• _Source data_:

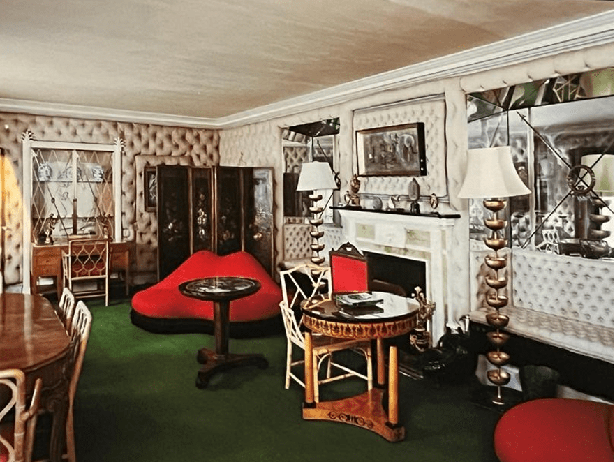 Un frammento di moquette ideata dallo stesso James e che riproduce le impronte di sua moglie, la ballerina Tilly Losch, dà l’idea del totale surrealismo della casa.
...
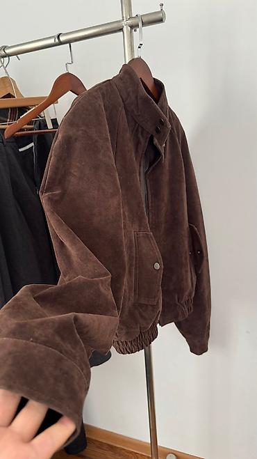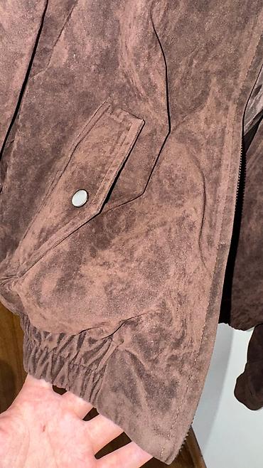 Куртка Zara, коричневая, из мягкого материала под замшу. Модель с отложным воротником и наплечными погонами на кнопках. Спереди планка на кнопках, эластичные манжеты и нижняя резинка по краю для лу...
...
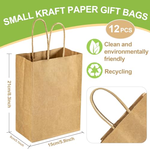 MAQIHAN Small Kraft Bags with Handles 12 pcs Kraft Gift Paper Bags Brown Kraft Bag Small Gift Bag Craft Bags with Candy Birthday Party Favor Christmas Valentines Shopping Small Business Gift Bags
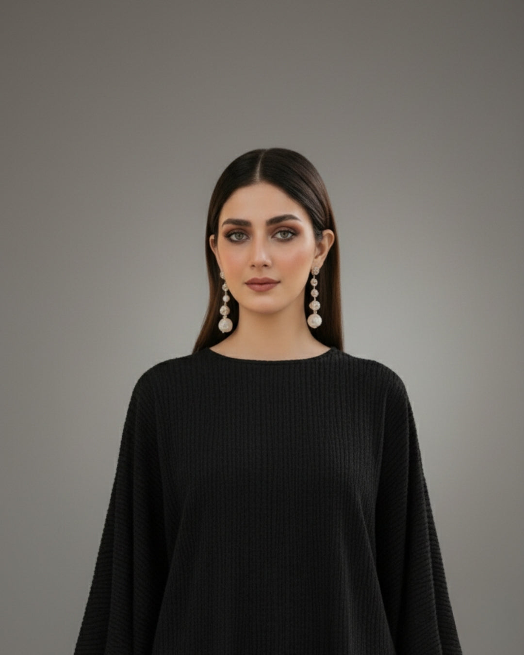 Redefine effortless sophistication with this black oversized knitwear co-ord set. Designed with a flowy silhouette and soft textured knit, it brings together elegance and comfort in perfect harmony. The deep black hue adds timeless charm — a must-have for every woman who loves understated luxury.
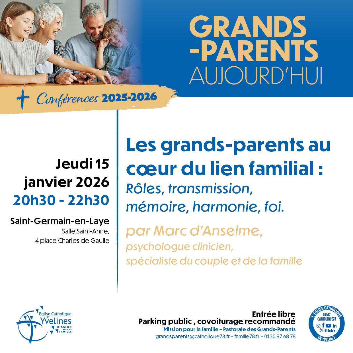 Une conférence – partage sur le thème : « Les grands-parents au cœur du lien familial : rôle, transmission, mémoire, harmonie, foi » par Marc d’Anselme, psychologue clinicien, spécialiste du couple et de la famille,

• _Exercise objective_:
Above are the records; restate exactly the lines from the one containing "MAQIHAN Small Kraft" through the one containing "Une conférence –", keeping pictures out.

• _Task answer_:
 MAQIHAN Small Kraft Bags with Handles 12 pcs Kraft Gift Paper Bags Brown Kraft Bag Small Gift Bag Craft Bags with Candy Birthday Party Favor Christmas Valentines Shopping Small Business Gift Bags
 Redefine effortless sophistication with this black oversized knitwear co-ord set. Designed with a flowy silhouette and soft textured knit, it brings together elegance and comfort in perfect harmony. The deep black hue adds timeless charm — a must-have for every woman who loves understated luxury.
 Une conférence – partage sur le thème : « Les grands-parents au cœur du lien familial : rôle, transmission, mémoire, harmonie, foi » par Marc d’Anselme, psychologue clinicien, spécialiste du couple et de la famille,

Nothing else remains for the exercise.